04/02/2016 by Chris Green
This week has given me the preacher’s headache: a really, really difficult passage. One of those ones where the commentaries delight in saying, ‘This is one of the most problematic texts in the canon’. One where you start to wonder if you will have anything useful to say come Sunday, or if anyone will notice if you skip three verses.
For what it’s worth I have God trying to kill Moses, and his wife circumcising his son and calling Moses a ‘bloody bridegroom.’ And it’s festooned with translation problems that I can’t bore people with, and moral/theological ones that I must. Yes, it’s in your Bible. Yes, it’s this Sunday.

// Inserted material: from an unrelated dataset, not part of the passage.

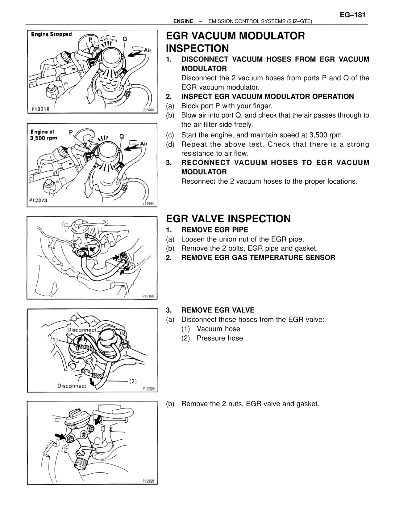 Disconnect the 2 vacuum hoses from ports P and Q of the EGR vacuum modulator.

So, even though I’m still working on this, here’s how I handle those really pesky passages. It’s common sense, but it’s surprising how often experienced preachers come to rely on shortcuts
1. Go really slow with the text. If you’ve stopped doing sentence flow diagrams, start this time. If you’ve stopped with the original languages, fire them up. If your language skills are a tad rusty (ahem) and you haven’t bought expensive bible software, try the excellent STEP Bible from Tyndale House.
2. Pray constantly as you work. The Lord knows your people’s needs, and the passage for this Sunday has been eternally chosen to meet it. Work with him as you study, doodle, or go for a run.
3. Go really wide wth the translations. Again, the chances are that you use one English translation, or possibly two – but now’s the time to grab some others, old and new, to see if they have fresh light for you. Among the new ones I check the latest ESV and NIV, Holman and New Living Translation. Old? The Revised Version and the American Standard are still worth looking at because they’re designed to expose problems rather than gloss them.
4. Give yourself much more than your usual amount of time with the text and context; read, read and read again. Get the narrative and logical flow in place, and work to see the movement in the material.
5. Go really slow with the commentaries; read them very carefully, because those writers will have had to pack a lot into a little space.
6. Go really wide with the commentaries The chances are you have narrowed down to a favourite few for the book you’re preaching on, but this time it’s really worth blowing the dust off the rest. Study Bibles, one-volume commentaries, multi-volume series dictionaries; they’re all worth consulting in a crisis, even if you don’t normally have the time. The older guys, Reformers and Puritans, often have excellent insights because they aren’t tripping over contemporary scholarship’s fads.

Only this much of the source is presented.